# Hotel Booking Demand
## **Table of content**
> 1. Introduction 
> 2. Exploratory Data Analysis
> 3. Preprocessing
> 4. Modelling
> 5. Model Evaluation

## 1. Introduction 

### 1.1 Context:
This hotel booking dataset can help you answer questions about business of hotel! 
For examples: 
* Have you ever wondered when the best time of year to book a hotel room is? Or the optimal length of stay in order to get the best daily rate? 
* What if you wanted to predict whether or not a hotel was likely to receive a disproportionately high number of special requests?

This data contains information for a <code>city hotel</code> and a <code>resort hotel</code>, includes information such as when the booking was made, length of stay, the number of adults, children, ... among other things.
All personally identifying information has beed removed from this data. 

### 1.2 Task:
After answering some questions about the business of hotel, we will predict the possibility of a booking for a hotel (Predicting the <code>is_canceled</code> column). Using desicion tree algorithm (and its evolutions), we can tell which is the most influential column for cancellation 's ration in **this dataset**. 

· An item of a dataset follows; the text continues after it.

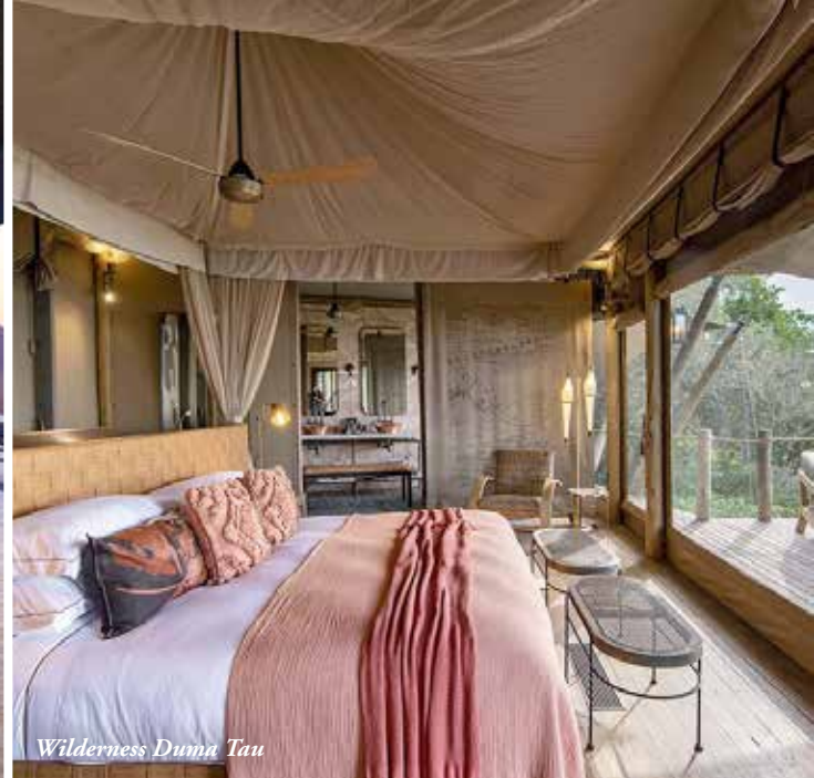
Wilderness Duma Tau

## 2. Exploratory Data Analysis 
In this section, we will have some questions about this data and answer it step by step. 
If you are a hotel owner, which questions do you want to answer? 
* Where do the guests come from? (GER or ENG, agency or direction, ...)
* How much do guests pay for a room per night?
* Which month has the highest number of cancellation? 
* Can I describe the relationship between ratio of cancellation with other columns? 

In [None]:
# load libraries
import pandas as pd 
import numpy as np
import seaborn as sns
import matplotlib.pyplot as plt 
import matplotlib
import datetime
%matplotlib inline 
import os 
for dirname, _, filenames in os.walk('/kaggle/input'):
    for filename in filenames:
        print(os.path.join(dirname, filename))

font = {
    'family' : 'normal',
        'weight' : 'normal',
    'size'   : 12
}

matplotlib.rc('font', **font)
from IPython.core.display import HTML
HTML("""
<style>
.output_png {
    display: table-cell;
    text-align: center;
    vertical-align: middle;
}
</style>
""")

Now, Let's look at the head of our data to have some imagination about it!!! 

In [None]:
df = pd.read_csv('/kaggle/input/hotel-booking-demand/hotel_bookings.csv')
print('Size:', len(df))
df.head()

And now we'll see how many NULL-record in each columns. 

In [None]:
df.isnull().sum()

### where do guests come from 

In [None]:
temp_df = df[['country', 'is_canceled']]
number_of_guests_from_each_country_df = temp_df['country'].value_counts().reset_index().rename(
    columns={'country':'number_of_guests','index':'country'}
)

unknown_countries = []
def convert_small_country_name(name, number_of_guests):
    if number_of_guests <=3000:
        unknown_countries.append(name)
        return 'Unk'
    return name

number_of_guests_from_each_country_df['new_country_name'] = number_of_guests_from_each_country_df.apply(lambda x: convert_small_country_name(x['country'], x['number_of_guests']),
                                            axis=1)
number_of_guests_from_each_country_df = number_of_guests_from_each_country_df.groupby(['new_country_name']).agg({
    'number_of_guests':'sum'
}).reset_index().sort_values(['number_of_guests'])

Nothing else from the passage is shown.